With a model, a regression model in this case, we are adding explanatory variables with the goal of providing more direct relationships between certain factors and the dependent variable. This idea, or goal, of this is to increase our level of understanding, and increase what the model is actually able to explain. In a perfect model, the model would explain absolutely everything about the dependent variable. In such a case, variations in y would have direct relationships to certain variables in our model.
However, this is wishful thinking, as models usually dont come very close to perfect explanation.

but, in regards to defining R^2, which is a goodness of fit statistic, we can make use of the model’s “ability to explain movement in the dependent variable”.
The idea is to separate the movement in y that the model was able to indicate, from the movement in y that the model was not able to capture.
Since we are using simple linear regression for now, the “movement in y that the model was not able to capture” is simply the difference between y_true and y_pred, which we know as the residuals. On the other hand, the movement in y that the model was able to capture, can be defined as a “rest-sum” where we take the total sum of squares, and remove the residual sum of square (because this is not explained by the model) and we are then having the explained sum of squares.

The total sum of squares is defined as deviations around the mean of the dependent variable.
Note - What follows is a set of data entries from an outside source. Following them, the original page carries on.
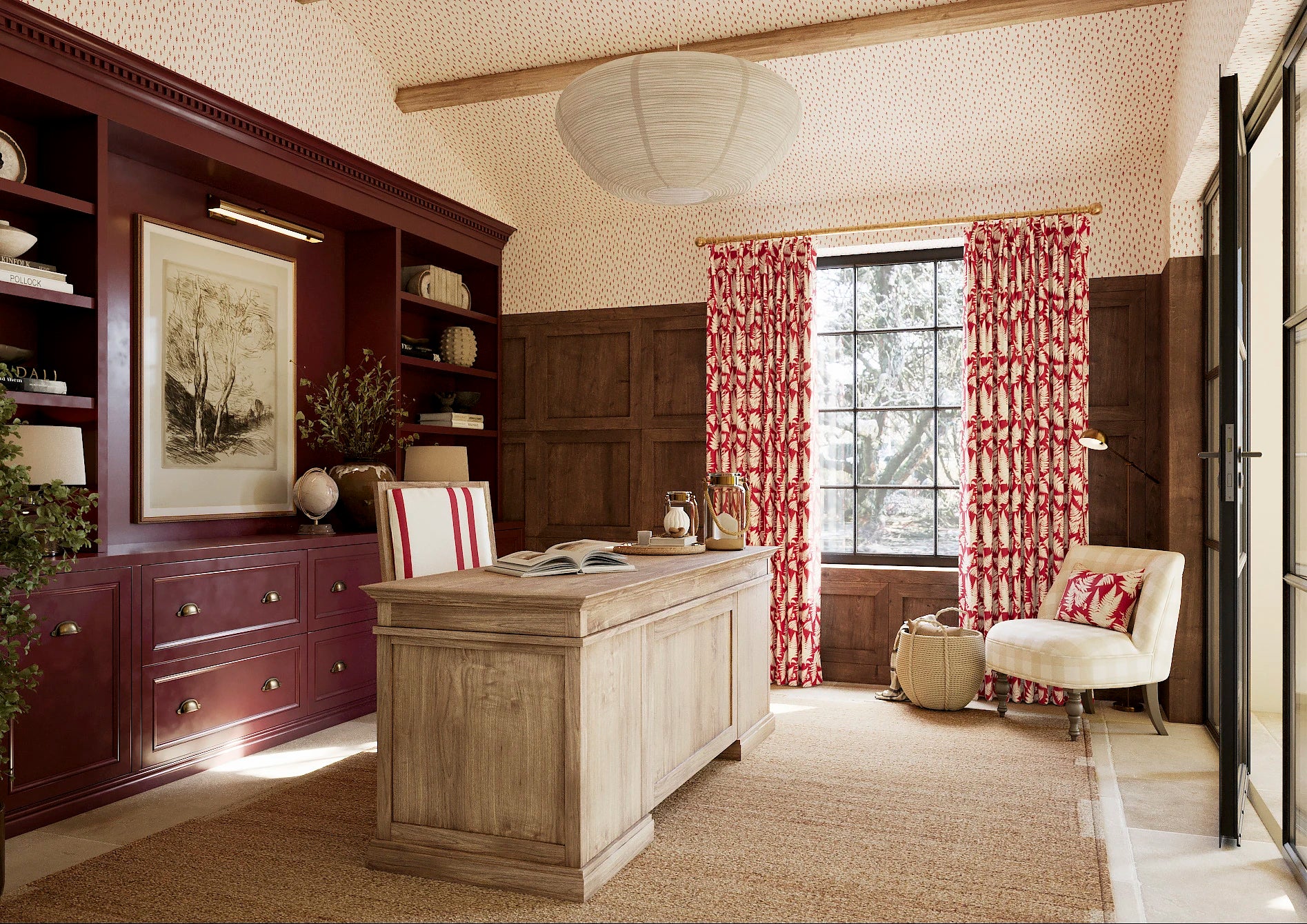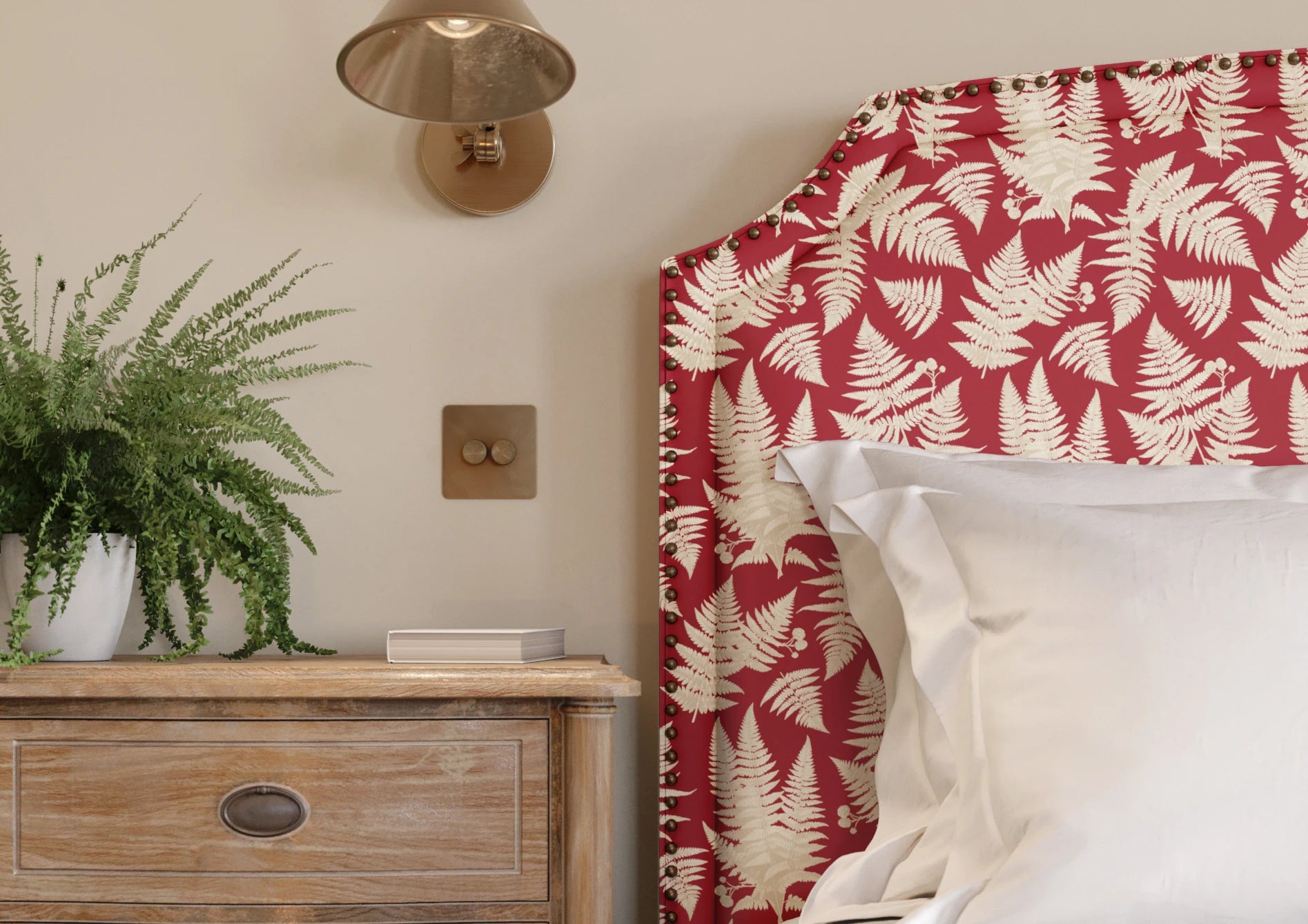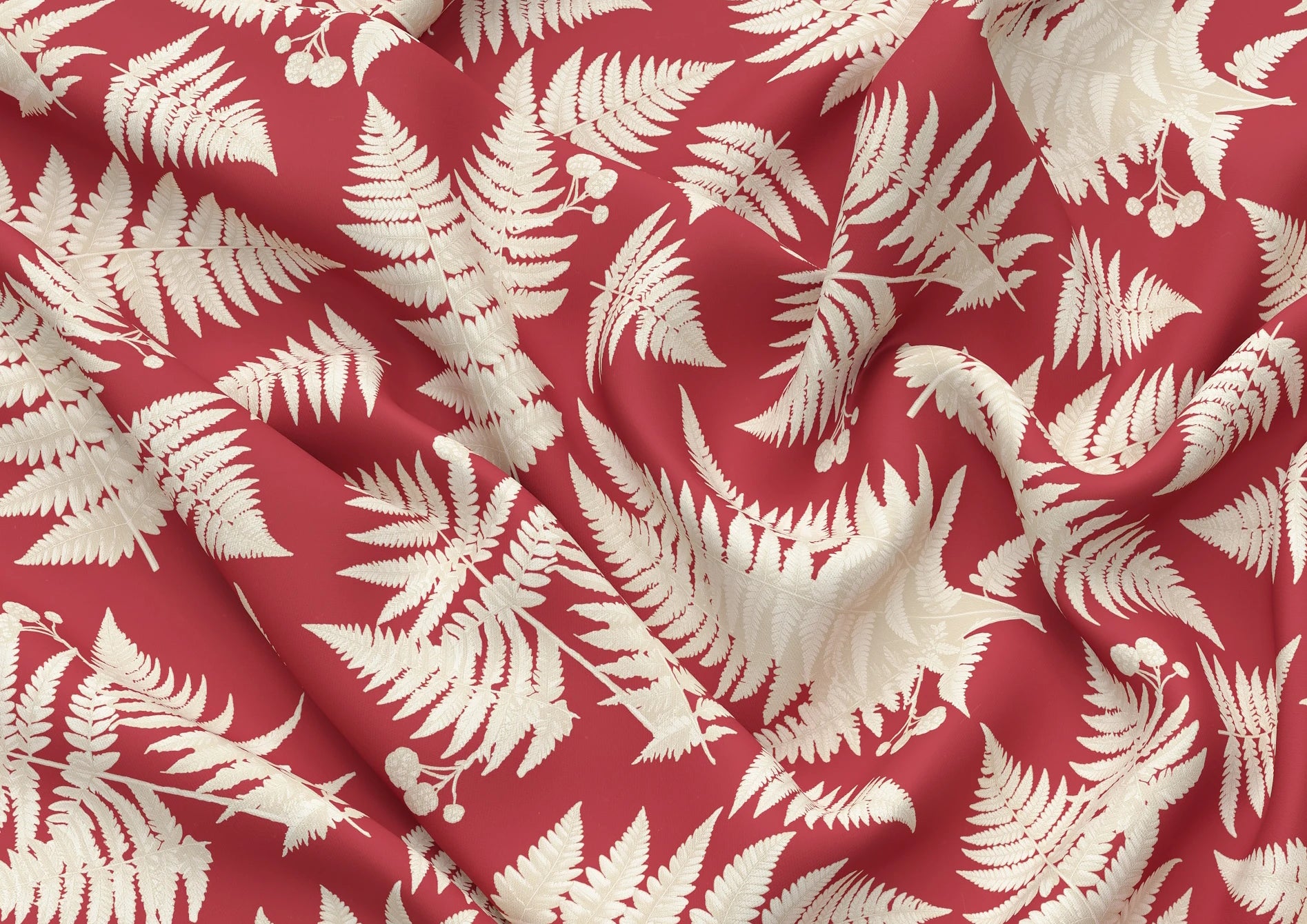 Fernwood from the Ambleside collection takes on a warmer, more expressive mood in the Pillbox colourway. The layered fern forms drift gently across the cloth, creating depth and movement while remaining calm and reassuring. Set against a soft, earthy red ground, the pale leaf tones feel lifted and comforting, bringing warmth without feeling heavy or formal. Part of the Joyful Sense, this palette offers a generous, welcoming way to introduce colour, working beautifully alongside both lighter and deeper designs across collections. A characterful choice for curtains, upholstery, or spaces that benefit from warmth, softness, and a sense of quiet confidence.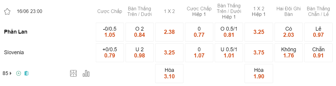 Tỉ lệ kèo Phần Lan vs Slovenia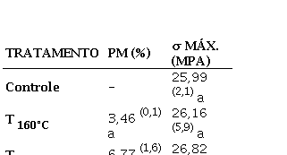 Quando analisado a dureza Janka, os tratamentos T 160 °C e T 200 °C, não demonstraram variações significativas, para o tratamento T 240°C, notou-se um decréscimo significativo, quando comparado ao controle. A tensão máxima (σ Máx) relacionada aos dois primeiros tratamentos (T 160 °C e T 200 °C), não apresentaram decréscimo em relação ao controle, Boonstra et al. (2007), relatou valores não significativos para temperaturas próximas de 165 °C em relação as propriedades mecânicas avaliadas, o que estão de acordo com o que está constatado nesse estudo. Isso decorre em função da modificação nos constituintes químicos da madeira na realização do tratamento térmico. Segundo Calonego et al. (2013) e Esteves & Pereira (2009), o decréscimo correlaciona-se principalmente com a degradação das hemiceluloses em função das elevadas temperaturas às quais as madeiras são submetidas.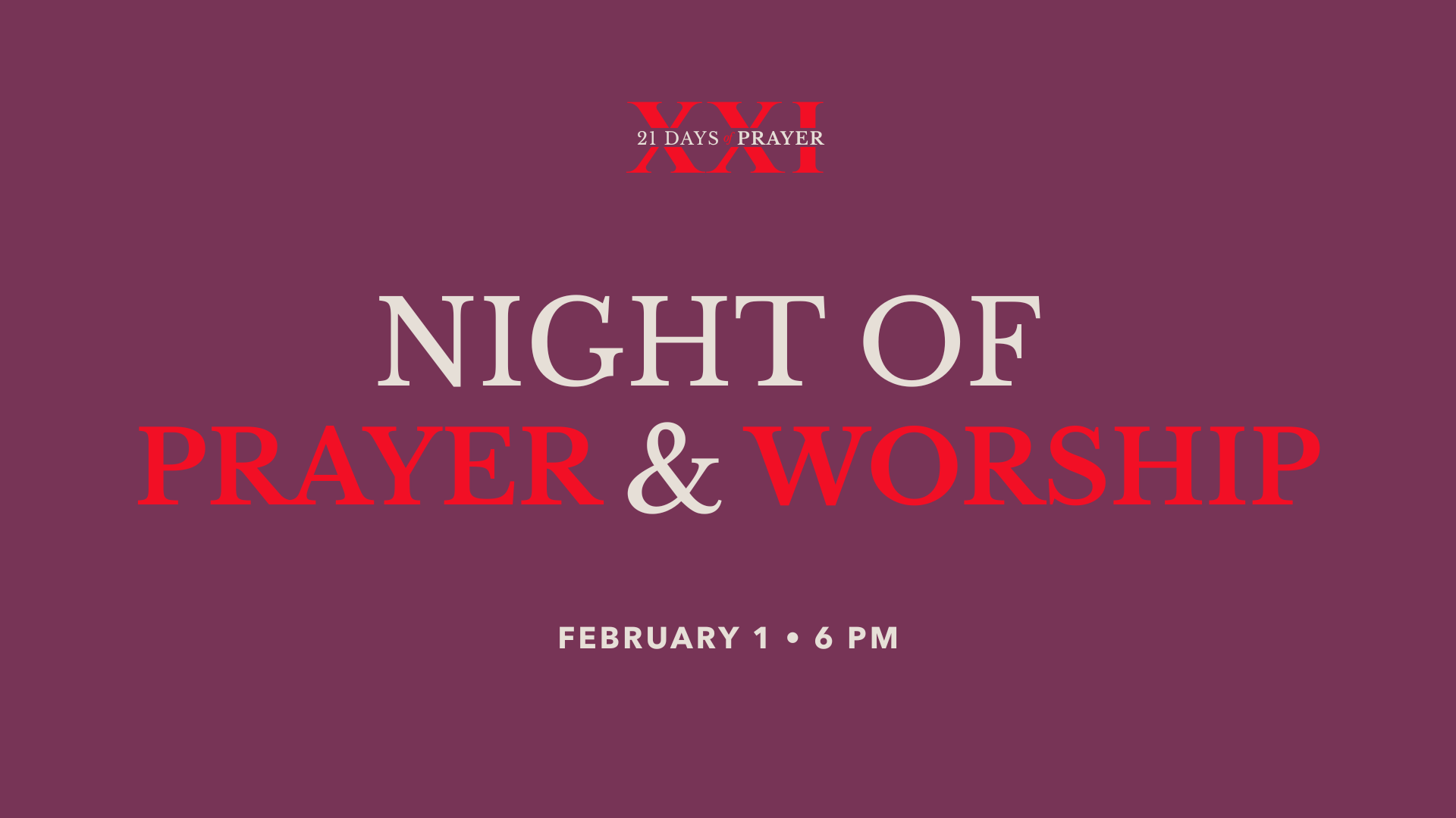 On February 1, join us for the close of our 21 Days of Prayer journey for a Night of Prayer & Worship, seeking the heart of God and lingering in his presence.
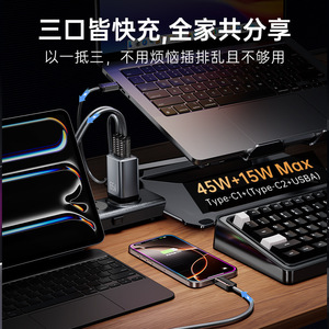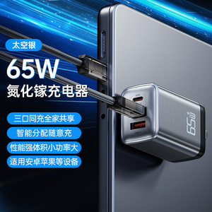 65Wハイパワー窒化ガリウム急速充電PD三口充電器はアップル華為安卓タブレット充電ヘッドに適している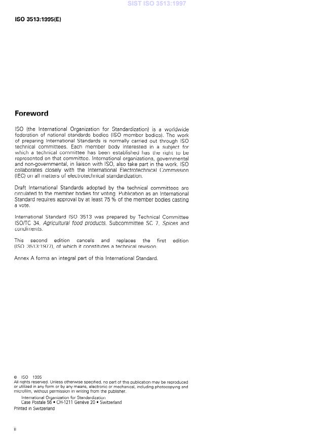 ISO 3513:1995 is a standard published by the International Organization for Standardization (ISO). Its full title is "Chillies — Determination of Scoville index". This standard covers: Cancels and replaces the first edition (1977). Specifies a method for the determination of the Scoville index of chillies, whole or ground, unadulterated by other spices or products.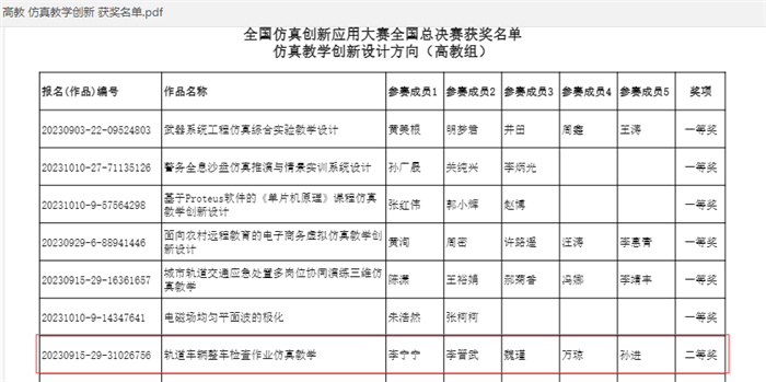 该院参赛团队积极备赛,团队成员商讨项目内容,以ky开元集团官网轨道特色为背景,选取C80型敞车整车检查作业为题,反复研讨进行教学设计,不断优化课件制作细节,录制课程视频打磨作品,10月,参加ky开元集团官网举办的2023全国仿真创新应用大赛校赛,推荐入围陕西省省赛,获得陕西省一等奖,推荐入围国赛,答辩前团队不断演练,继续优化作品。11月18日,在全国总决赛中将作品创新点及应用阐释,取得评委一致好评,荣获全国二等奖的优异成绩。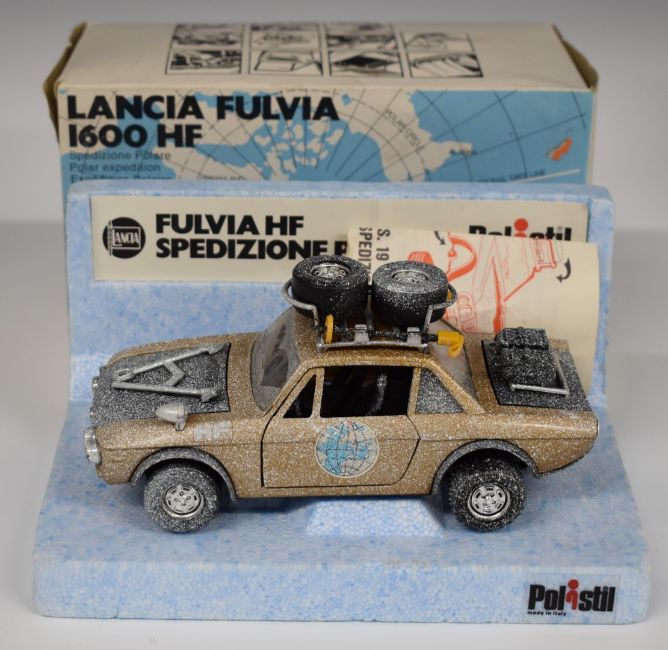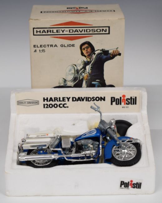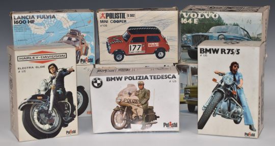 Nine Polistil 1:15 and 1:25 scale diecast model motorbikes and cars including BMW R75/5, Harley Davidson Electra Glide, Fiat 126 and Mini Cooper, all in original boxes.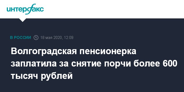 Москва. 18 мая. INTERFAX.RU - В городе Дубовки Волгоградской области 58-летняя женщина лишилась 620 тыс. рублей, поверив мошенникам-целителям.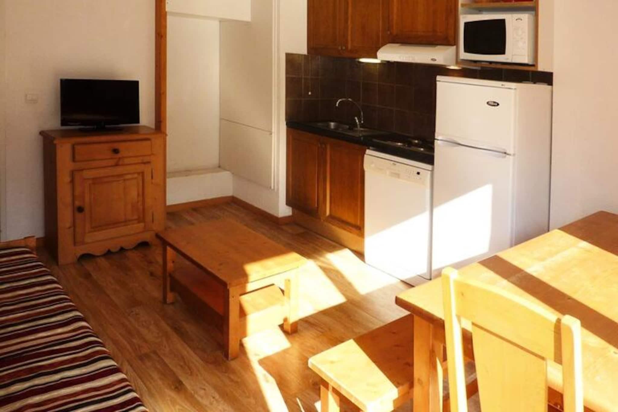 I hjertet af de franske alper, hvor den friske bjergluft møder endeløse horisonter, tilbyder denne rummelige 3-værelses lejlighed i den prestigefyldte residens Le Bois Méan en rolig oase for familier og grupper. Forestil dig at vågne op til solopgangens gyldne nuancer på din store østvendte terrasse med Alpernes majestætiske tinder som baggrund. Dette er et sted, hvor komfort og natur smelter sammen og skaber de perfekte rammer for uforglemmelige alpine eventyr. \n\nLejligheden er designet til at rumme op til otte gæster og kan prale af en gennemtænkt planløsning. Den varme og indbydende stue har to enkeltsenge, mens det fuldt udstyrede tekøkken med opvaskemaskine og mikrobølgeovn sikrer ubesværet madlavning. En hyggelig sovealkove med køjesenge, en queensize-seng i det første soveværelse og to enkeltsenge i det andet soveværelse giver rigelige sovemuligheder. To badeværelser, det ene med bruser og det andet med badekar, bidrager til bekvemmeligheden og er ideel til større grupper. \n\nGæster på Le Bois Méan har eksklusiv adgang til boligens vandland, som inkluderer en opvarmet indendørs pool og en afslappende jacuzzi – den perfekte måde at slappe af på efter en dag med skiløb eller vandreture. Det omkringliggende område byder på et væld af aktiviteter, lige fra at udforske naturskønne stier til at opdage charmerende alpelandsbyer. Uanset om du er her for spændingen på pisterne eller roen i bjergene, er denne lejlighed din port til det bedste af Alperne. \n\nMed sin førsteklasses beliggenhed, moderne faciliteter og betagende udsigt inviterer denne lejlighed dig til at skabe varige minder i en af ??Frankrigs mest maleriske regioner. Uanset om det er vinter eller sommer, kalder bjergene – og dette er dit perfekte hjem væk fra hjemmet.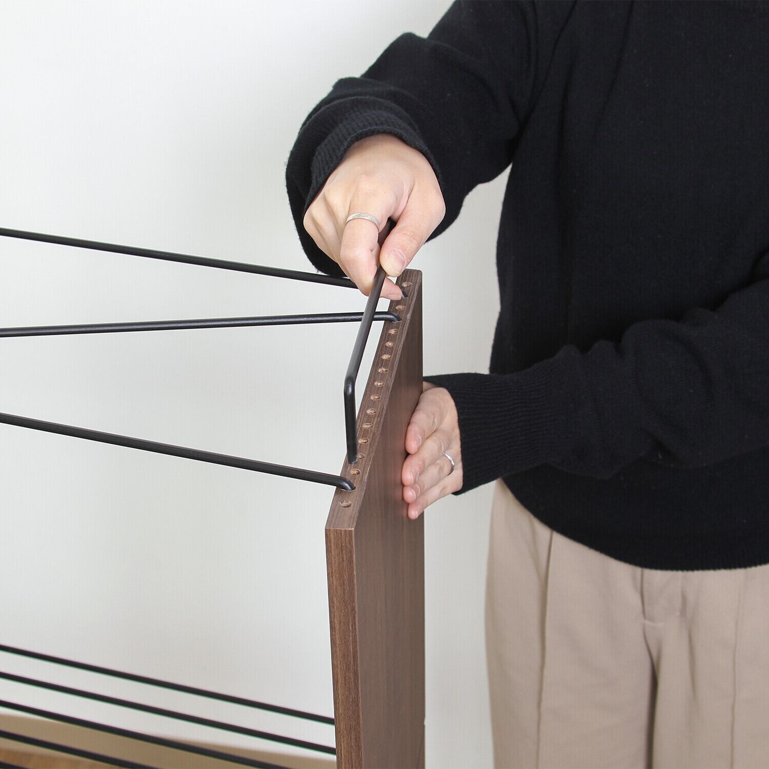 棚板の穴にワイヤーフレームを差し込むだけで完成する「ワイヤーロックシステム」を採用したシリーズで、細いスチールの線が芸術作品のような美しさを見せるアートなデザインを楽しめます。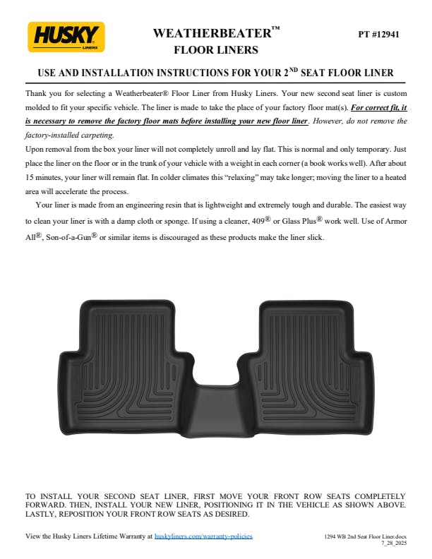 - WeatherBeater(TM) Liners offer protection that extends all the way to your rear seats. So go ahead, lift the seats and leave them up, load after load. Husky's got your floors, and your back, no matter what the road brings your way.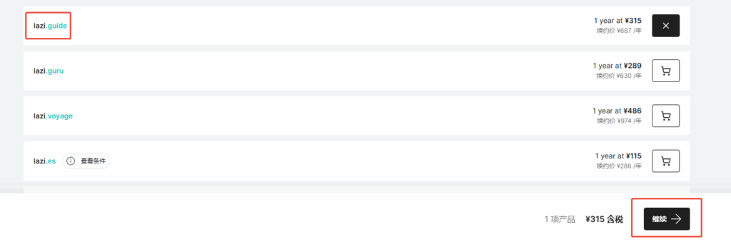 ③以红框标记的域名为例,点击右侧的购物车按钮,然后点击下方红框标记“继续”按钮;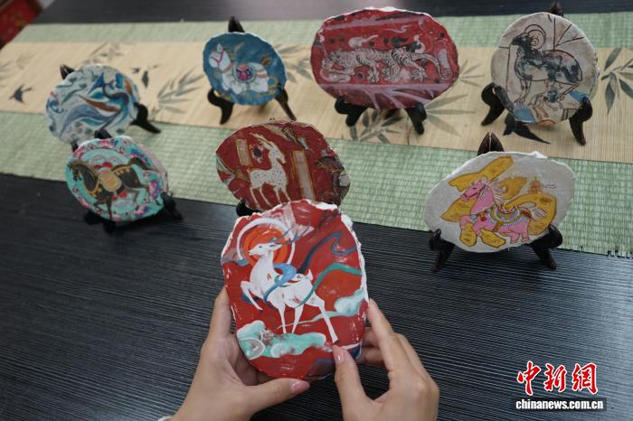 走进二人的工作室,泥板上“飞天”“藻井”“瑞兽”等经典纹样清晰可见,在矿物颜料与国画颜料的勾勒晕染下,焕发出独特韵味。

Consider the stock’s daily returns again. We take the average daily return with a sample size of say 1 year, and use this average daily return as a baseline. Then we take each day’s return and compare against the average. The deviation is then squared, and summed over the sample. The result is the total sum of squares.

From intuition, we can also say that the explained sum of squares is the squared difference between the predictions and the mean.

So, now that we have some terms, we can define R^2 as a ratio tellign us “how much of the total movement was/is explained by the model”. to create this ratio, we take ESS and divide on TSS.

42
Q

what is required to create R^2 value = 0?

A

The enumerator must be 0, and the only way this is, is with all ESS contributions being equal to 0 (since they are restricted between 0 and positive). To create 0, the parameters of the model must all be equal to 0, and have the intercept be equal to the mean.

43
Q

elaborate on the problems with R^2

A

Cannot be used to compare different dependent variables

R^2 never decrease when adding more independent variables to the model.

44
Q

how can we make R^2 better

A

There is a way that accounts for the loss in degrees of freedom from incorporating more variables in the model.

This new metric is known as adjusted R^2.

The intuition behind the formula goes like this:
We use a factor (T-1)/(T-k) that is multiplied by (1-R^2), and then we take “1-result”. Adding more parameters makes it worse, so that the increase in R^2 from adding the params must be significalty large.